Student Loan Interest Rates by Credit Score
Your credit score has a significant impact on your rate. You often get a lower rate the higher your credit score is. Below we have listed the 10-year fixed student loans by credit score:
How do I know if I will be allowed to refinance my student loan?
In general, the best barometer for approving loans is your credit score and history. Lenders like to see you have a track record of consistently repaying your loans on time, so the better your credit history, the more likely you are to qualify for a low rate. In addition, most lenders perform a soft credit check when you apply (which will not affect your credit score) so you can find out from an individual lender if you are approved without damage.
Fixed vs variable loan
A fixed-rate student loan has a fixed interest rate that stays the same throughout your loan. The rate you get when you take out your loan is the rate the lender charges you until you have fully repaid your loan.
A variable rate loan has an interest rate that the lender will change periodically over the life of your loan. Lenders usually tie this rate to specific market benchmarks that are often influenced by the federal fund rate. Variable rates can start lower than fixed rates, but can increase over the life of your loan.

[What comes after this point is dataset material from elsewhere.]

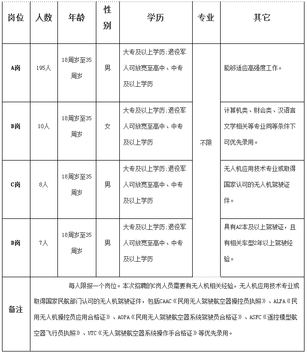 石家庄市长安区2024年警务辅助人员公开招聘公告 根据工作需要,石家庄市长安区面向社会公开招聘警务辅助人员。现将有关事宜公告如下: 一、招聘原则 招聘工作坚持德才兼备和公开、平等、竞争、择优原则。 二、招聘岗位情况 此次公开招聘辅警共计220人,具体招聘岗位、人数、条件等详见《2024年长安区警务辅助人员招聘计划职位表》(以下简称《招聘计划表》)。 2024年长安区警务辅助人员招聘计划职位表 ![]() 三、招聘人员条件 (一)具有中华人民共和国国籍,拥护中国共产党的领导,遵守国家法律、法规,具有较强的事业心和吃苦耐劳精神,具有良好的品行和职业道德,服从组织安排,愿意履行公安机关警务辅助人员的义务。 (二)男身高1.70米以上,女身高1.60米以上,双眼矫正视力不低于1.0,身体健康,五官端正,无残疾、纹身、重听、色盲、口吃等(参照招录人民警察的标准)。 (三)报名人员年龄为18周岁至35周岁,即1988年8月1日至2006年8月1日期间出生。 (四)凡涉及学历、奖励等需要确定时间的,计算日期截止至2024年8月1日。 (五)比例内综合成绩并列的,按照以下顺序进入下一环节:公安烈士和因公牺牲公安机关民辅警的配偶子女;退役军人;退出国家综合性消防救援队伍的救援人员;见义勇为英雄模范和先进个人;警察类或政法院校毕业生;具有岗位所需专业资质或者专门技能的人员以及国家规定的其他应当优先聘用人员。 (六)有下列情形之一的,不得报考: 1.本人或家庭成员参加非法组织、邪教组织或者从事其他危害国家安全活动的; 2.本人家庭成员或主要社会关系人正在服刑或正在接受调查的; 3.受过刑事处罚或者涉嫌违法犯罪尚未查清的; 4.编造、散布有损国家声誉、反对党的理论和路线方针政策、违反国家法律法规信息的; 5.因吸毒、嫖娼、赌博受到处罚的; 6.曾被行政拘留、司法拘留或收容教育的; 7.被吊销律师、公证员执业证书的; 8.被开除公职、开除军籍,或者因违纪违规被辞退解聘的; 9.从事警务辅助工作合同期未满擅自离职的; 10.被依法列为失信联合惩戒对象的; 11.现役军人不得报考,未毕业的全日制普通高校在读学生不得报考; 12.其他不适合从事警务辅助工作的。 四、工资待遇 试用期享受基本社会保险待遇,试用期6个月,试用期不合格的取消录用资格。试用期工资标准为3715元/人/月(包含个人应缴纳社会保险部分等)。层级套转后按照《石家庄市公安机关警务辅助人员管理办法(试行)》执行层级工资标准。 五、报名方法 (一)报名方法、程序及注意事项 1.本次招聘采取网上报名、网上资格初审的方法,每人限报一个岗位。 2.报名网址:人事招考中心(https://rpta.cn/)。 3.报名时间:2024年8月1日13:00至8月7日17:00。 4.缴费时间:2024年8月1日13:00至8月7日24:00。 5.报名程序及注意事项: (1)报名准备。考生开始报名前,必须认真阅读公告内容,详细了解本次招聘考试的程序步骤、有关政策和岗位条件。 (2)注册账号。进入报名网址(https://rpta.cn/),点击“注册”,注册用户名和密码,完成注册后登录网站,按要求上传照片。用户名和密码是登录报名系统的唯一标识(密码可修改),务必牢记并妥善保管。注册过的考生无需重复注册。 (3)填报信息。注册成功后登录,进入报名环节。考生务必认真阅读报名须知,并同意《诚信承诺书》,按要求填写个人信息和报考信息,确认信息无误后,提交等待审核。网上报名实行严格的自律机制,必须承诺履行《诚信承诺书》,对提交审核的报名信息的真实性负责。凡本人填写信息不真实、不完整或填写错误的,责任自负;弄虚作假的,一经查实即取消考试资格或聘用资格。 (4)提交审核。考生“提交审核”后信息将被锁定,在未反馈审核结果前不能修改。一般情况下,审核员24小时内会在报名系统上回复审核结果。“审核未过”的,可根据提示的未过原因,修改信息或改报岗位并重新提交审核;“审核通过”的,将不能再修改。请考生尽量不要选择最后时刻报名,以免因报考条件不符或填报信息不完整等原因“审核未过”而错失改报机会。 (5)完成缴费。审核通过后考生需缴纳报名考务费100元,按照提示步骤进行网上支付。支付方式:支付宝。特别注意:确认“缴费成功”后方可视为完成报名。应聘考生务必牢记报名和交费截止时间,未按时间完成报名和缴费者视为放弃报考。同时,报名和考试期间务必保管好个人的证件和信息,因个人原因造成丢失、被他人盗用和信息被恶意篡改而影响报名和考试的,责任自负。 (二)打印《笔试准考证》 完成网上报名的考生,请及时登录报名网站,按要求打印《笔试准考证》,逾期没有打印《笔试准考证》的视为自动放弃笔试。请考生关注报名网站的通知获取打印《笔试准考证》的时间,不再电话或短信通知。 笔试时,考生须持《二代居民身份证》和打印的《笔试准考证》进入考场。笔试具体地点、考点和要求详见报名网站公告。 六、考试流程 本次招聘采取笔试、体能测试、面试相结合的形式进行。 (一)笔试 1.笔试时间。具体笔试时间和地点详见《笔试准考证》,应聘人员按照《笔试准考证》上确定的考试时间、地点、考场及要求参加考试。请广大考生随时关注长安区人民政府网(http://www.sjzca.gov.cn/)及报名网站(https://rpta.cn/)。 2.笔试内容。笔试采取闭卷方式进行,笔试内容为公共基础知识和公安基础

What is the difference between a 5 year loan and a 10 year loan?
If you want a better interest rate and you are financially able to pay off your loan quickly, a 5-year loan term can be a good choice. You save money on interest and free up money to spend more quickly on your other financial goals.
A 10-year loan will generally cost you more, but you will pay smaller monthly payments. This can make it easier for you to repay your loan if you are on a tight budget.